Memorial Day
War is man's most evil pursuit. Every single human motive morphs into something horrible and destructive; the most noble of man's qualities become misapplied. Somehow the diffident grasshopper becomes the predatory locust.
Yet within the world of men, some things must be done. Individuals must live and act within the admitted abomination that is war. In the Second War the Germans and the Japanese were asked to fulfill their destiny, to complete history. This involved destroying or subjugating everyone who was not them. The Allies' children were asked to fight for their lives. Their behavior in this gargantuan struggle should always stand as a testament to man's higher elements in the midst of man's lowest. Yet questions always arise.
When Obama was in Japan and visiting Hiroshima, new discussion of the WWII atomic bombing began. An article in the LA Times asserted the bombing was cruel, gratuitous, and not a factor in the ending of the war. "Most Americans have been taught that using atomic bombs on Hiroshima and Nagasaki in August 1945 was justified because the bombings ended the war in the Pacific, thereby averting a costly U.S. invasion of Japan. This erroneous contention finds its way into high school history texts still today," the article states. More, the cause of Japanese surrender was actually the Russian invasion of Manchuria. "It was not the atomic evisceration of Hiroshima and Nagasaki that ended the Pacific war. Instead, it was the Soviet invasion of Manchuria and other Japanese colonies that began at midnight on Aug. 8, 1945 — between the two bombings." Indeed the sentiment at least seems to be in line with current thinking; the majority of Americans in polls think the bombs should not have been dropped.
Of course, people will differ in the assessment of history. Some assessments will be more accurate--sometimes more honest--than others. And many military men did not want to drop the weapons. But of all the wars in history, World War Two is the least ambiguous to analyze.
The History website has this summary:
Early on the morning of July 16, 1945, the Manhattan Project held its first successful test of an atomic device–a plutonium bomb–at the Trinity test site at Alamogordo, New Mexico.

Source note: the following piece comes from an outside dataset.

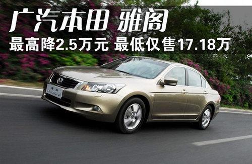 當提到中級車型大家也許會不約而同的想起廣本雅閣,新雅閣憑借其大氣的外觀、舒適的空間和豪華的配置對于中級轎車市場的構成起到了舉足輕重的作用。去年,廣汽本田又對第8代雅閣進行了小改款,對原來車型的配置有一定程度提升,部分車型增加了智能鑰匙和后遮陽板等配置,提高了雅閣整體車型的性價比。近日根據網上車市價格監測系統顯示,目前雅閣現金最高優惠2.5萬元,最低售價逼平17萬。具體價格以及優惠幅度如下:

General Douglas MacArthur and other top military commanders favored continuing the conventional bombing of Japan already in effect and following up with a massive invasion, codenamed “Operation Downfall.” They advised Truman that such an invasion would result in U.S. casualties of up to 1 million. In order to avoid such a high casualty rate, Truman decided–over the moral reservations of Secretary of War Henry Stimson, General Dwight Eisenhower and a number of the Manhattan Project scientists–to use the atomic bomb in the hopes of bringing the war to a quick end. Proponents of the A-bomb–such as James Byrnes, Truman’s secretary of state–believed that its devastating power would not only end the war, but also put the U.S. in a dominant position to determine the course of the postwar world. (italics added)
On August 6, 1945 an American B-29 bomber dropped the world’s first deployed atomic bomb over the Japanese city of Hiroshima. The explosion wiped out 90 percent of the city and immediately killed 80,000 people; tens of thousands more would later die of radiation exposure. Three days later, a second B-29 dropped another A-bomb on Nagasaki, killing an estimated 40,000 people. Japan’s Emperor Hirohito announced his country’s unconditional surrender in World War II in a radio address on August 15, citing the devastating power of “a new and most cruel bomb.”
So the Emperor cites the bomb as a factor. And the alternative was an island-by-island attack on Japan that the experts accepted would cost one million--MILLION--American lives.
The LA Times article suggests the U.S. ignored a Japanese peace approach to the U.S. requesting only the Emperor survive. But that is not entirely true. Their proposal was to keep the Emperor and the current governing militaristic system intact, something the Allies thought nonnegotiable. Another element overlooked in the LA Times article is the continuity of events. Over 200,000 people were killed in the atomic attacks. Isolated, that is horrific. One wonders how the essayist saw those deaths in the context of the war itself. Or do they spare themselves the difficulty? China suffered between 15 and 17 million--MILLION--deaths directly related to combat--many described as "crimes against humanity." The Russians lost 25 to 27 million. MILLION. Certainly, we need kinder, gentler wars.
Nonetheless, the LA Times article was quite critical of American behavior and motives in one of the world's most easily evaluated conflicts, the American democracy vs. Nazis and Japanese imperialists. Applying morality to war is tricky and can be practiced only by our best and brightest. Fortunately, a look at the by-line has the reassuring information that the LA Times article was authored by none other than Oliver Stone, the esteemed and awarded movie director. He is certainly qualified. As a member of the exclusive self-absorbed entertainment cult and the reliable creator of the movie JFK, one of the cult's more astonishing productions of historical analysis, we can certainly rely upon his opinion.
And I'm sure he would have been willing to talk to the widows, the orphans, and the parents of those million Americans, explaining that those soldiers had to die assaulting the Japanese islands because we were true to our inner nature and did not drop the cruel bombs that could have ended the war. That was not who we are.